Буйки и мячики
Мы выдвигались навстречу американцам. Не то чтоб они сильно нам понадобились, но такая задача была поставлена кораблю. Именно этому старому китобою, переоборудованному, якобы, под гидрографическое судно, а по сути и существу – под корабль радиотехнического наблюдения. Про них и пенял частенько начальнику разведки флота командующий всея гидрографии ЧФ, провозглашая с обидой:
"Они обосрали мой флаг!".
Тут он сильно преувеличивал. Флаг вспомогательных сил ВМФ с буйком на темно-синем фоне мы высоко и гордо несли, стараясь, правда, не показывать его лишний раз и кому попало. Особенно маневрируя около чужих берегов, влезая в терводы, или толкаясь у бортов вероятного противника на переходах и учениях.

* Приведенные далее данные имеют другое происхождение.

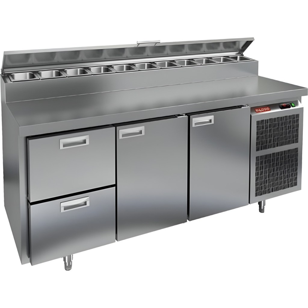Каталог оборудования Холодильное оборудованиеСтолы охлаждаемыеСтолы холодильные для пиццыСтол холодильный для пиццы HiCold PZ2-211/GN (1/6H) Стол холодильный для пиццы HiCold PZ2-211/GN (1/6H) Код товара: 064-771 Поделиться: WhatsAppTelegram СравнитьДобавить в КПВ избранное 0 244 971 ₽ В корзину 0 шт Под заказСамовывоз сегодня бесплатно Взять в кредит Купить в лизинг Получить консультацию в WhatsApp Описание Характеристики Отзывы 0 Стол холодильный для пиццы HiCold PZ2-211/GN (1/6H) предназначен для кухонь и предприятий общественного питания. Он используется для раскатки теста, подготовки ингредиентов для пиццы, салатов и других блюд, а также для охлаждения и кратковременного хранения скоропортящихся продуктов. Модель совмещает нержавеющую рабочую поверхность и охлаждаемый отсек с 2 дверями и 2 выдвижными ящиками, обеспечивая удобный доступ к ингредиентам и эффективное хранение. Особенности: Динамическая система охлаждения для равномерного поддержания температуры Автоматическая оттайка для удобного обслуживания Электронная панель управления для точной настройки параметров Вместительная внутренняя полка формата GN 1/1 (размер 530×325 мм) 2 двери и 2 вместительных ящика для хранения ингредиентов Автоматические доводчики дверей с фиксатором открытого положения Легкозаменяемые магнитные уплотнители для герметичности Открытая агрегатная часть для легкого доступа к компонентам Регулируемые по высоте ножки для устойчивости Нержавеющая столешница глубиной 486 мм и толщиной 50 мм — устойчива к коррозии, легко моется и гигиенична Толщина теплоизоляции: 50 мм Максимальная глубина гастроемкостей: 100 мм Вместимость салат-бара: 11 гастроемкости Стол холодильный HiCold PZ2-211/GN (1/6H) — это надежное и удобное решение для профессиональной кухни. Он обеспечивает легкий доступ к ингредиентам, упрощает хранение и подготовку продуктов и полностью соответствует стандартам предприятий общественного питания.Изображение товара, представленного на фото, может отличаться от его фактического вида. Показать все Габаритные размеры1835×700×1000 ммДиапазон рабочей температурыот +2 до +10 °CРасположение агрегатаБоковое Материал столешницыНержавеющая Тип столаС дверьми и ящиками Тип двериГлухая Объём505 лТип гастроемкостейGN 1/6 Количество дверей2 штКоличество ящиков2 штРазмер полки530×325 ммНапряжение220 ВМощность0,5 кВтТип охлажденияДинамическое Тип оттайкиАвтоматическая Габариты в упаковке2000×850×1140 ммВес нетто172 кгВес брутто210 кгБрендHicoldВсе холодильные столы для пиццы HicoldВсе нержавеющие холодильные столы для пиццы Оставить отзыв Еще никто не оставил отзыв на этот товар Ранее просмотрено Под заказ 311 842 ₽ Стол холодильный для пиццы HiCold PZ1-1122/GN (1/3H) Под заказ 206 541 ₽ Стол холодильный для пиццы HiCold PZ1-11GN (1/3) М Под заказ 260 272 ₽ Стол холодильный для пиццы HiCold PZ1-113GN (1/3H) Под заказ 273 142 ₽ Стол холодильный для пиццы HiCold PZ1-1111GN (1/3) M
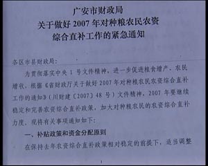 鄧永學說的每畝補貼25元,指的是2006年的種糧補貼標準,根據(jù)記者了解,在武勝縣,2006年對于農(nóng)戶種植一畝糧食直補和綜合補貼總計25.12元,而在2007年,每畝補貼提高到了51.05元,國家的種糧補貼額度提高了一倍,然而,在當?shù)兀瑖覍ΨN糧補貼的提高速度趕不上生產(chǎn)成本的漲價速度。
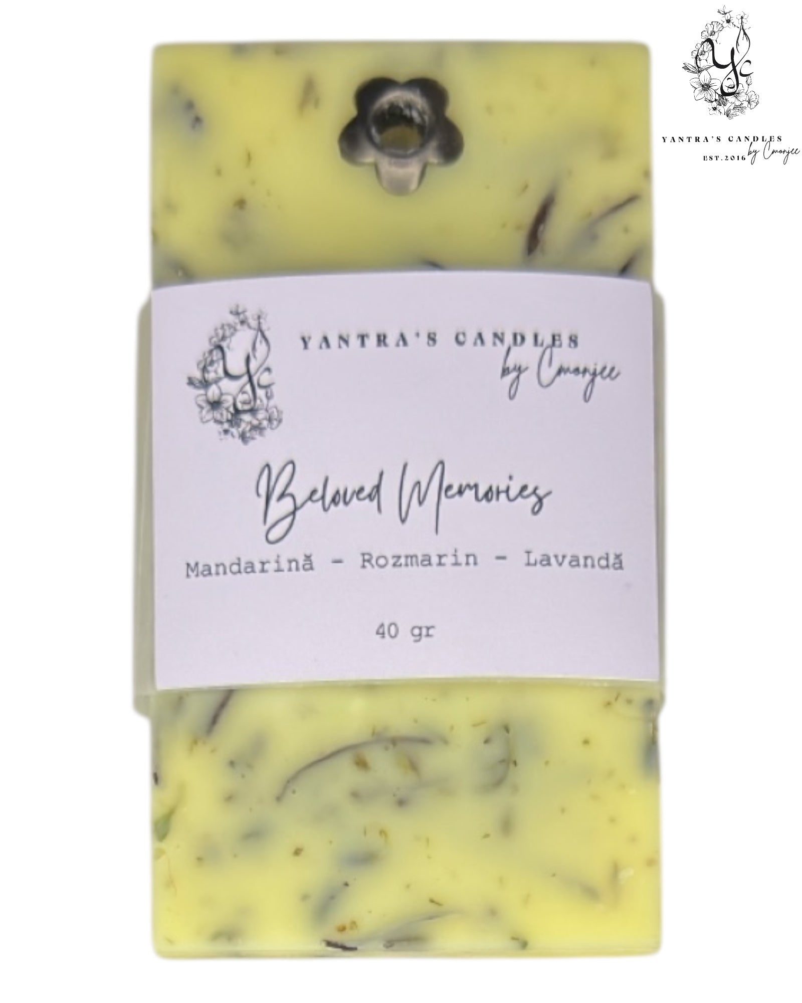 Ingrediente: ceară de soia, uleiuri esențiale naturale din mandarină- citrus nobilis, rozmarin-rosmarinus officinalis, lavandă - lavandula officinalis, flori de lavandă, rozmarin
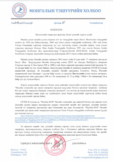 Хэвлэл мэдээллийн хэрэгсэл болон олон нийтийн мэдээллийн сүлжээгээр ойрын өдрүүдэд “Өвлийн олимпийн эрх авсан тамирчин зардлын асуудлаас болоод оролцож чадаагүй, хувиасаа 8,0 сая төгрөг зарцуулж Канадад тэмцээнд оролцсон” гэх мэтээр ор үндэслэлгүй худал мэдээлэл тараагдаж байгаад санаа зовж тус холбооноос үнэн бодит мэдээллийг хүргэхээр албан ёсоор энэхүү мэдэгдлийг гаргаж байна.
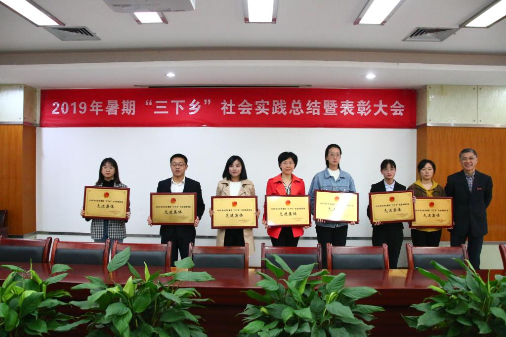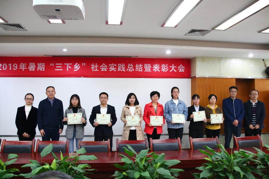 会议伊始,与会人员一起观看2019年暑期“三下乡”社会实践活动视频,回顾了各实践团队暑期“三下乡”的精彩瞬间。紧接着,校团委陆嘉副书记对我校2019年大学生暑期“三下乡”社会实践主要工作向与会人员做了汇报。 随后,各学院分团委负责人就2019年暑期“三下乡”社会实践特色亮点工作和实践成果进行了PPT汇报,展示了各学院实践团队开展的情况和取得的成果。评委们结合各学院社会实践工作的组织和开展情况,进行了评分。随后,校团委杨娟书记宣读了《关于表彰2019年暑期大学生“三下乡”社会实践活动先进集体和个人的决定》。经过材料审核评比以及现场评委评分,最终评选出管理学院、数学与统计学院、财政金融学院、文学与新闻学院、旅游与国土资源学院、法学院、研究生会等7个暑期“三下乡”社会实践工作先进集体,谭予涵、吴卫、罗勇、刘璐、胡菡、罗观、董承婷等7名优秀指导教师,会计学院“益路童行”武隆暑期支教团等21支先进团队,经济学院左晓祺同学的《关于中国省域乡村绿色发展评估、空间差异及趋同性的调研研究》等261篇优秀调查报告,商务策划学院王启鹏同学等11名社会实践宣讲活动优秀个人,与会领导为获奖集体和个人进行了颁奖。
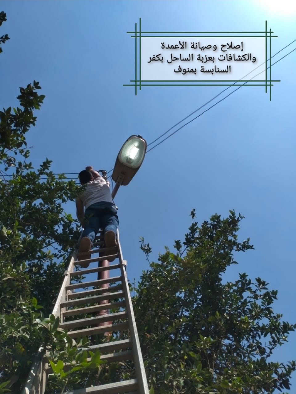وفى منوف، تم إصلاح وصيانة أعمدة الإنارة والكشافات بعزبة الساحل بكفر السنابسه، هذا وقد أكد رئيس المدينة استمرار شن حملات الصيانة المكبرة بنطاق المدينة لصيانة كافة شبكات الإنارة لتحسين مستوى الرؤية البصرية للمواطنين.
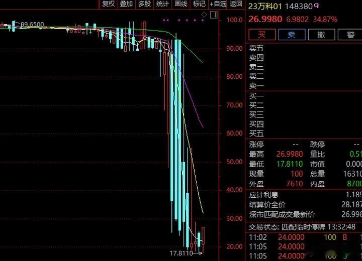 午后,万科股债集体异动。万科A涨停,成交额超30亿元;港股万科企业涨超15%。万科境内债“23万科01”“21万科04”“21万科06”“22万科02”均涨超30%。万科A午后涨停
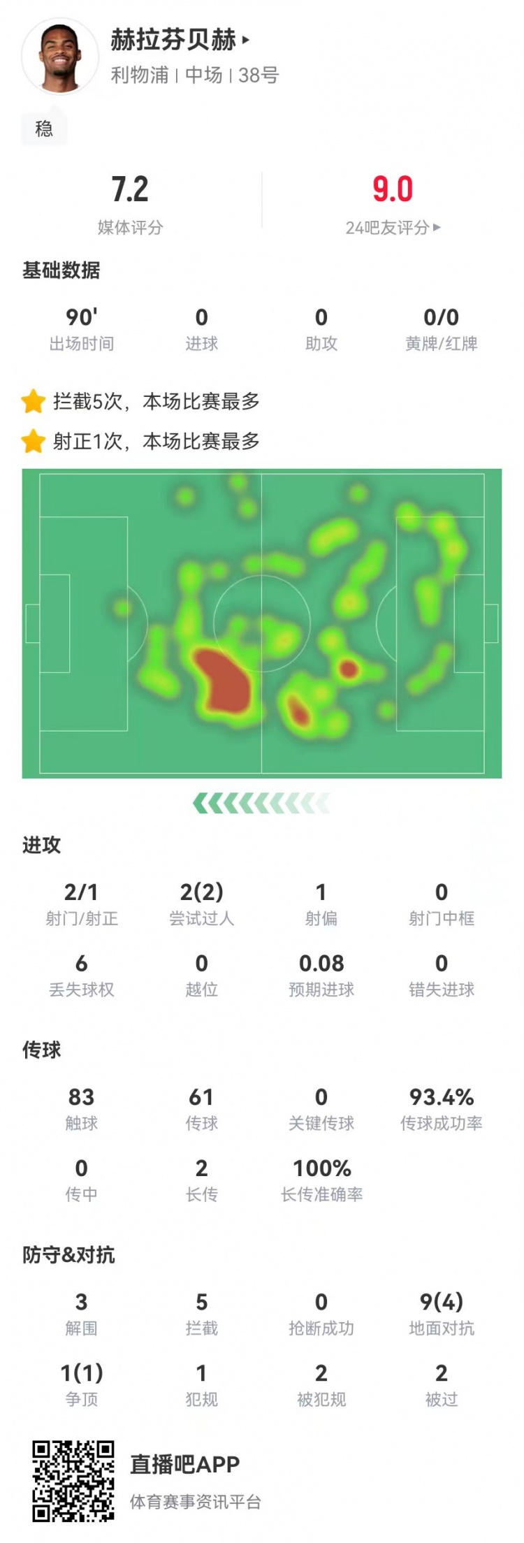 12月10日讯 利物浦在本轮欧冠对阵国米,赫拉芬贝赫本场数据如下:
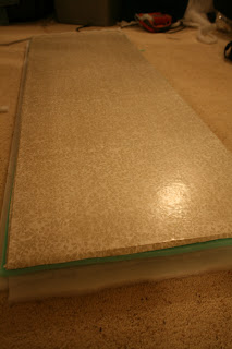*Lay your 2 pieces of batting (cut corners like the above picture to reduce bulk in the corners), foam and then your top board(vinyl side up).
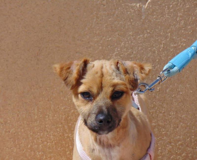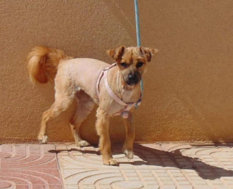 Es pequeña, pesa unos 6 kilos. Es súper cariñosa y alegre!!!.

На этот раз поход должен был быть совсем короткий. Наш гидрограф свое уже отслужил и со дня на день должен был отправиться на слом. Командир явился лицом случайным и временно назначенным, весьма, как мне тогда казалось, пожилым. Документы на его увольнение по полной выслуге уже отправились загадочный бумагооборот по кадровому лабиринту. Остальной состав, не исключая группы под моим управлением, относился к изысканной категории "сборная солянка". Кроме военных моряков в составе экипажа имелась пара собак в милом возрасте около пяти месяцев от роду. Владельцем одного щенка по имени Дик, выдаваемого за овчарку, был мичман-шифровальщик. Другой, по кличке Гафель, принадлежал всей боцманской команде. Был он найден в гаражах у причала и являлся дворнягой без претензий на родословную.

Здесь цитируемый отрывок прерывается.